The following discussion will split the alignment function into more easily understood
sections but the code, in its concatenated entirety, can be viewed in the on-line material at
http://www.cambridge.org/pythonforbiology
. First we begin with the function definition
that takes two one-letter sequences, a substitution/similarity matrix and two different gap
penalties. Note that you would normally check that the input values were sensible (e.g.
sequences were really one-letter and upper case) before using the function
def sequenceAlign(seqA, seqB, simMatrix=DNA_2, insert=8, extend=4):
Next we define two numbers which represent the size of the comparison grid. As
illustrated above, the comparison grid is simply a matrix of one sequence versus the other,
so that each point is a different possible residue pair. The size of the grid is one larger than
the lengths of the sequences because we require an extra row and column at the start of the
matrix (left and top) to contain starting values to begin growing the alignments from.
numI = len(seqA) + 1
numJ = len(seqB) + 1
Next we create the matrices (actually lists of lists here, but we could use NumPy
matrices) which represent the comparison grid. We will actually use two matrices of equal
size; one is used to contain the sub-totals of the alignment scores and the other is used to
record which route (sub-alignment) was taken, i.e. whether the best route to this point
involved a gap or a residue comparison. In the route matrix we will use a code to say
which of the three directions was taken, where 0 represents the pairing of two residues, 1
is for a gap in seqB (but a residue in seqA) and 2 is for a gap in seqA (but a residue in
seqB). We build the preliminary blank matrices of the right size initially with zeros:
16
scoreMatrix = [[0] * numJ for x in range(numI)]
routeMatrix = [[0] * numJ for x in range(numI)]
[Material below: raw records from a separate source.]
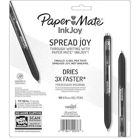 Sản phẩm Paper Mate InkJoy Black Gel Pens Medium Point (0.7 mm) Comfort Grip 10 Count Fast Dry Ink Ideal for Smooth Writing đang được bán với giá ưu đãi là $13.0473 tại nước Mỹ.
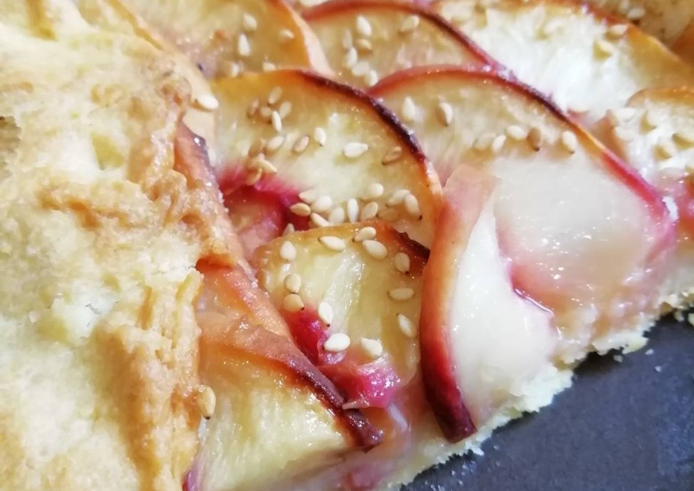 Tarte rustique à la pêche et sésame torréfié
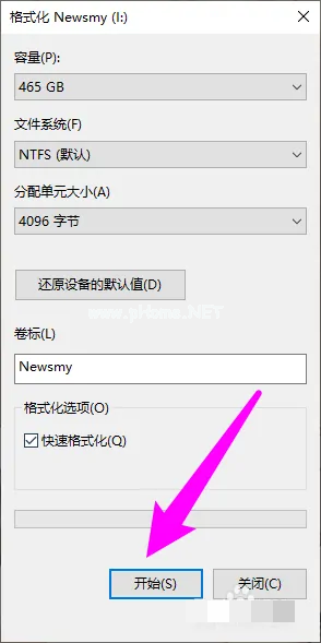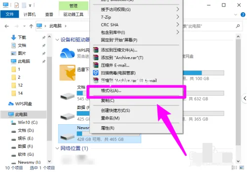 鼠標(biāo)左鍵選中Newsmy,單擊右鍵,選擇格式化。
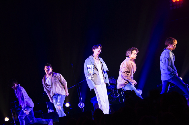 ダンサーが登場しソロデビューシングルのタイトル曲「Phenomenal World」をキレのあるパフォーマンスで披露すると、続けて佐々木和也、手島章斗が登場し、コラボレーション曲「ABSTRACT」と、JUN&イライのユニット曲「Face Off」を3人で力強く歌い上げると会場のボルテージは最高潮に。
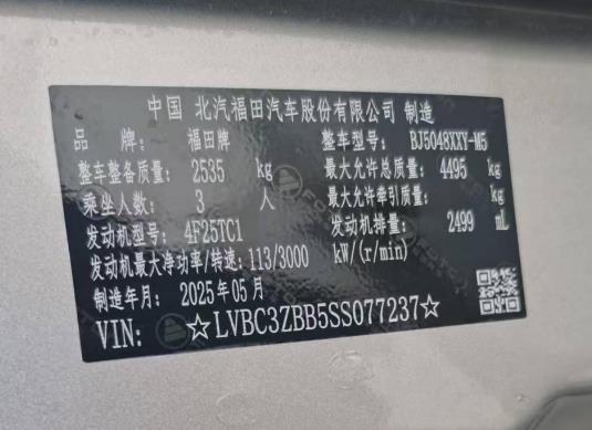 初次登记日期 2025-07-01 车辆名称 福田 图雅诺
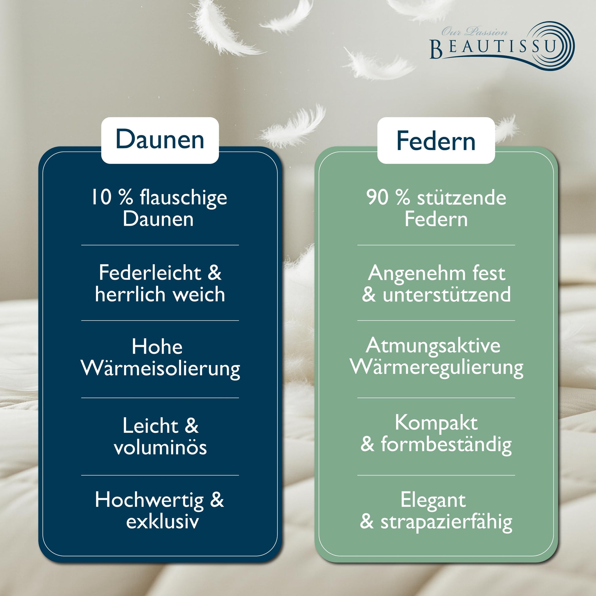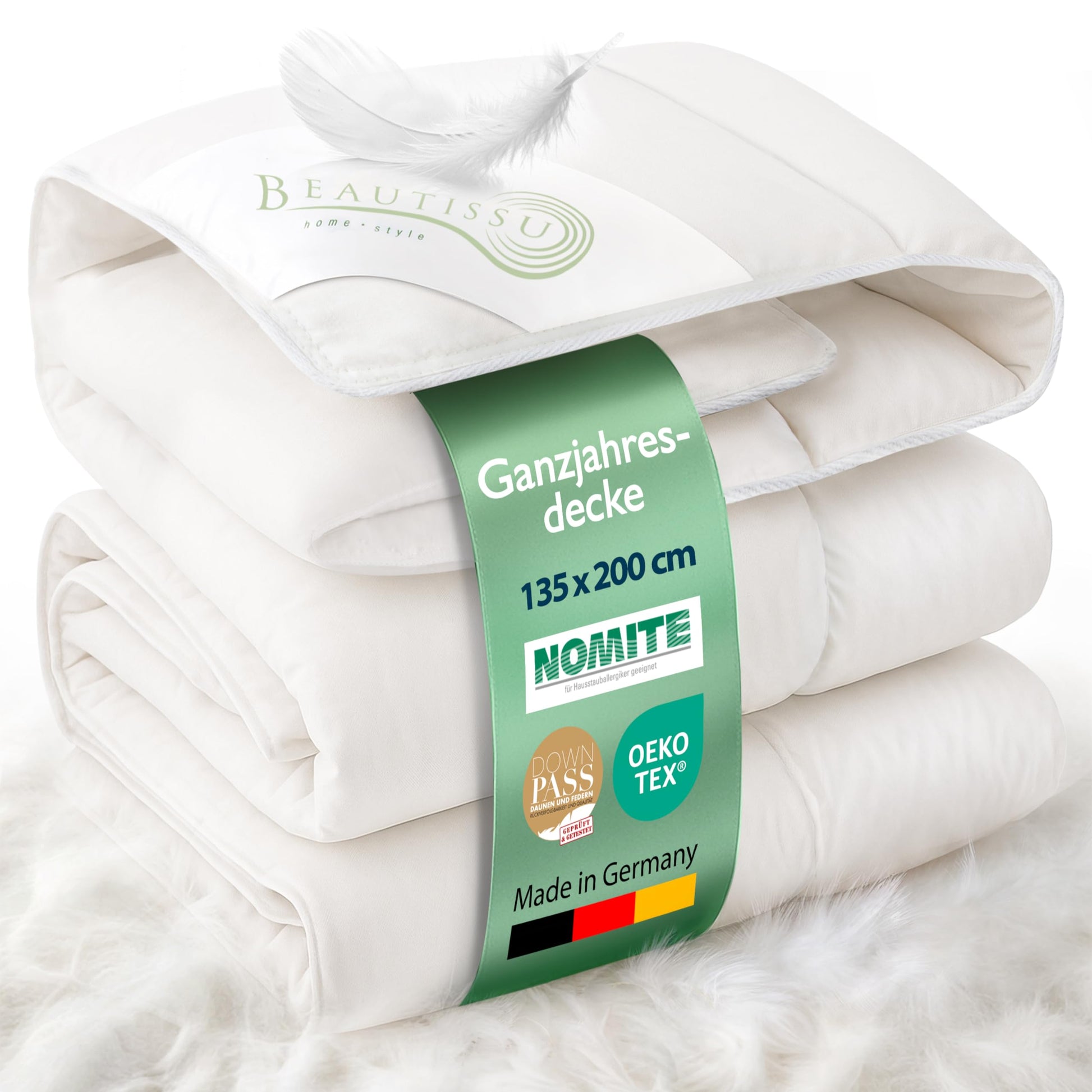 Beautissu All-Year Duvet Feather Duvet 135 x 200 cm with 100% Down and Feathers - Made in Germany - Oeko-Tex, Downpass & Nomite Certified - 100% Cotton Cover Down Duvet 135 x 200 cm Washable - GF

Then for the route matrix we adjust the top and left edges, except the first element, so
that they contain route codes that represent gaps. This means that for alignments where
one sequence is indented relative to the other the only route to get to that point is by
having a series of leading gaps in the indented sequence. We will leave the edges of the
score matrix at zero, so as not to penalise alignments that begin with a gap. However, in
some situations you might want to have a penalty for this.
for i in range(1, numI):
routeMatrix[i][0] = 1
for j in range(1, numJ):
routeMatrix[0][j] = 2
Given that the edges of the route and score matrix are now defined, we now fill in the
remainder of the matrix values by looping through i and j, the indices of the rows and
columns, starting at 1, rather than 0, due to the extra edges which were added.
for i in range(1, numI):
for j in range(1, numJ):
We need to decide which gap penalty is relevant for each matrix element. So we use
some logic which means that the insertion penalty is used, except if the previous position
has a gap, in which case we use the extension penalty. Note that we make this decision
twice and define two separate gap penalty values, one for each sequence. Detecting
whether the previous position has a gap is a simple matter of checking the route matrix in
the previous row (i-1) or column (j-1) to see if it has a gap code (1 or 2).
penalty1 = insert
penalty2 = insert
if routeMatrix[i-1][j] == 1:
penalty1 = extend
elif routeMatrix[i][j-1] == 2:
penalty2 = extend
Next we look up the similarity score for comparing the residue codes in this row and
column. Note that we get the position for the residues within the two sequences using i-1
and j-1; this is because the row and column in the comparison matrix is one larger than the
equivalent position in the sequences, due to the extra initialisation values put at the start.
similarity = simMatrix[ seqA[i-1] ][ seqB[j-1] ]
With the gap penalties and the similarity scores defined, we make a list of the three
possible path options for extending the alignment at this position. These paths are the sub-
total scores of three neighbouring matrix elements (representing the three shorter sub-
alignments that meet at this point) with either the similarity score added or a gap penalty
subtracted. The first path (route code 0) means adding two residues and using their
similarity score, effectively going diagonally in the comparison matrix i-1, j-1 to i,j). The
second path (route code 1) means having a gap in seqB and subtracting a penalty, going
down a row i-1, j to i,j. Likewise the third path (route code 2) subtracts a penalty for a gap
in seqA and goes across a column i, j-1 to i,j.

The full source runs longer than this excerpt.